Best practice for JVM Tuning with CMS GC
The purpose of this article is to provide best practice advice on JVM tuning with CMS GC; including key symptoms, understanding heap space and GC logs. This best practice advice applies to AM, DS, IDM and IG running on Java® 8. JVM tuning is not an exact science and will vary across individual environments and applications. Consistent load and stress testing of your environment will be the only true way to gauge the effect of changes made.

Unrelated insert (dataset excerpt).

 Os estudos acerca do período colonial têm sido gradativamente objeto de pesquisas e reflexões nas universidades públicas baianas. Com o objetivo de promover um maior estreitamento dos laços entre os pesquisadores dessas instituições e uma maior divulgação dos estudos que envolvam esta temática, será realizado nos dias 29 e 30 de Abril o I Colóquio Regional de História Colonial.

6 readers recommend this article
JVM tuning considerations
Before you begin JVM tuning, you should consider the following points:
- Costs - depending on your environment, it may be more cost effective to add more hardware to improve performance rather than spending the time to tune.

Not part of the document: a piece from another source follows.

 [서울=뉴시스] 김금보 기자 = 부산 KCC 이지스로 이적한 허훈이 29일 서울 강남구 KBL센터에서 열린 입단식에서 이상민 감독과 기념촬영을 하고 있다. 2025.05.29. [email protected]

- Desired outcome - tuning for stability is more important in the long run than tuning for performance, although there is an overlap.
- Ongoing problems - tuning may only delay or mask a problem temporarily if there is an underlying issue you need to resolve.

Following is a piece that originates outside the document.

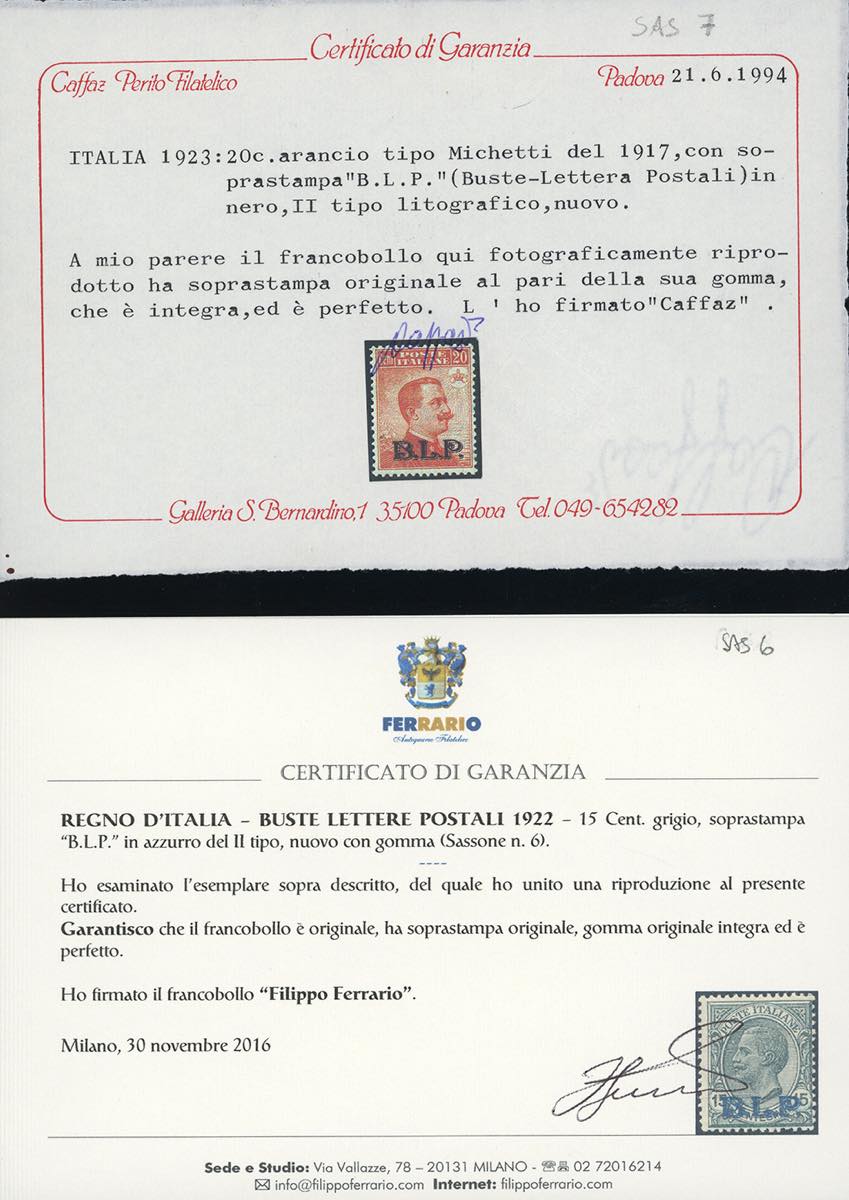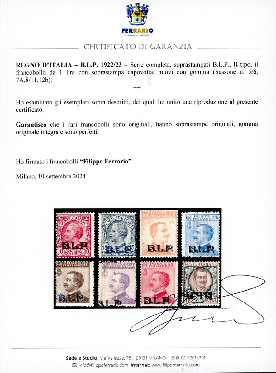 1922/23 - Soprastampa BLP, II tipo, serie completa, l'1 lira con soprastampa capovolta (5/6,7A,8/11,12b), gomma originale integra, perfetti. Raro insieme di ottima qualità. Ferrario per la serie, sei certificati di noti periti per i valori più importanti.

- Memory leaks - these will always cause Garbage Collection (GC) issues regardless of tuning.
The focus of this article is Java 8. In Java 8, the CMS is the default garbage collector and tends to give the best performance characteristics with the lowest garbage collection pause times. Consider using the G1 garbage collector only if CMS performance characteristics do not fit your deployment, and testing shows G1 performs better. In Java 11, the G1 garbage collector is the default (and the CMS garbage collector is deprecated). See Best practice for JVM Tuning with G1 GC for further information.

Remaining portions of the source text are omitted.